I recently read this blog post, which presents and expands on Angus Deaton and Nancy Cartwright’s recent thoughts about RCTs. It is worth a read because, in my view, it is an excellent case study of the misunderstanding and misrepresentation of the the claims made in favour of RCTs. Deaton and Cartwright must take the lion’s share of the blame here, not the author of the post, though he does add to the commentary some startling assertions. Here are two of many:
RCTs do not have external validity.
A key argument in favour of randomization is the ability to blind both those receiving the treatment and those administering it.
Both assertions are just plain wrong. Although the author does demonstrate a more nuanced understanding of the value of randomised trials elsewhere:
The results of RCTs must be integrated with other knowledge, including the
practical wisdom of policy makers if they are to be usable outside the context in which they were constructed.
In a response to a comment I made on his post suggesting that Deaton’s and Cartwright’s arguments unfairly target randomised trials, when the criticisms they make are equally applicable to all kinds of intervention research, the author responded thusly:
I think that this argument fails to acknowledge the single defining feature of a randomised trial and also misrepresents what is claimed for them by people who the author has called ‘randomistas’. Moreover, what Deaton considers to be the position of so called ‘randomistas’, specifically, is irrelevant (or at best thoughtless) when his criticisms are not actually of randomised trials but of all types of research.
My response to the above comment is reproduced below.
You may be correct about how Deaton views ‘randomistas’, but if so, he really needs give examples of people claiming that the results of RCTs are superior to results of obtained using other methods. I am a proud ‘randomista’ and I work with a lot of people who might be classified as such, and the idea that people like me say that the results of RCTs are always superior to alternative methods is just not a familiar one. In fact when reading reports of RCTs it is common to find loads of caveats about the findings.
People who understand what RCTs are and what they are not know that the only unique feature of the design is that they generate comparison groups by randomly allocating cases to conditions. That’s it.
I don’t think it is controversial for ‘randomistas’ to argue that this is the best way of generating comparison groups that differ only as a result of the play of chance, rather than as a result of some systematic (non-random) characteristic. In any population there will be things that we know and can measure (so for example we could deliberately match cases based on these factors – say age, gender, or test scores). But there are also things that might be relevant that we don’t or can’t know about our participants and therefore can’t take into account when generating comparison groups.
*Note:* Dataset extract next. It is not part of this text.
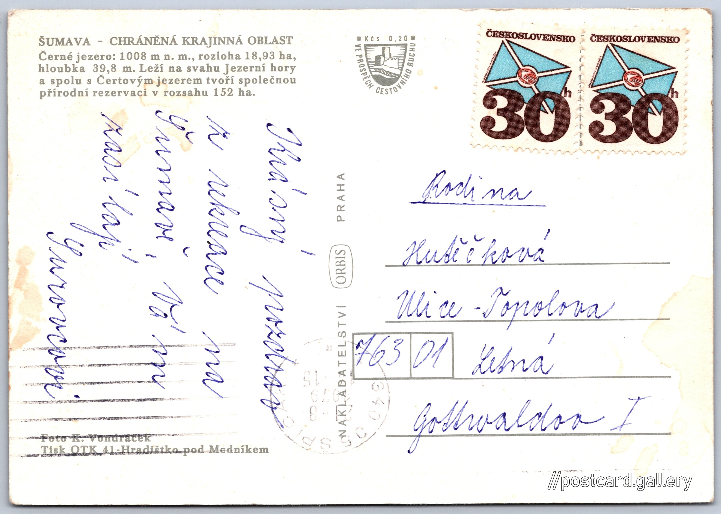 Šumava, Černé jezero Pokud chcete vidět pohlednice ve vyšším rozlišení nebo zobrazovat jejich zadní stranu, tak se prosím nejdříve přihlašte Přihlásit Zaregistrovat ŠUMAVA - CHRÁNĚNÁ KRAJINNÁ OBLASTČerné jezero: 1008 m n. m., rozloha 18,93 ha, hloubka 39,8 m. Leží na svahu Jezerní hory a spolu s Čertovým jezerem tvoří společnoupřírodní rezervaci v rozsahu 152 ha. Jazyk tištěného textu na pohlednici: čeština Hojsova Stráž, Železná Ruda, Klatovy ukázat na mapě V blízkém okolí místa zobrazeného na pohlednici lze najít 8 jiných pohlednic. Zobrazit blízké pohlednice Vydavatel: Nakladatelství Orbis (Československo) Odhadované datum vydání pohlednice: 1976 - 1979 Pomozte nám zpřesnit rok vzniku pohlednice Velikost (š x v) a tvar pohlednice: 148 x 103 mm (5.83" x 4.06"), obdélník Osoby spjaté s touto pohlednicí: K. Vondráček(Autor fotografie) Prošlá poštou:Datum na razítku: 21.8.1979 Ceny: Příplatek na tur. ruch: 0,20 Kčs (CSK))Vyplacené známky: 0,60 Kčs (CSK) DiskuseVložit příspěvek Přidat novou složku ... Spravovat složky ...

If we accept that there are things that we don’t or can’t know about our participants, then the only way around it, if you want to create probabilistically similar groups, is to use random allocation. Random allocation thus acknowledges and accounts for the limitations of our knowledge.
So, the notion of ‘superiority’ centres around the question ‘how confident am I that the groups being compared were similar in all important known and unknown (and possibly unknowable) characteristics?’
Of course, if your research question is one that does not involve comparisons and causal description then RCTs are not appropriate. You would be hard pressed to find a ‘randomista’ arguing that you need an RCT to help understand the views or opinions of a population of interest, for example. In addition you will be unlikely to find a ‘randomista’ arguing that you need an RCT when observational studies have reported very dramatic effects. Take for example the tired old chestnut about not needing an RCT to find out if parachutes work. 99.9% of people who do not open their parachutes after jumping out of a plane die. This is a highly statistically significant finding and is extremely dramatic. There is no need to go beyond observation here.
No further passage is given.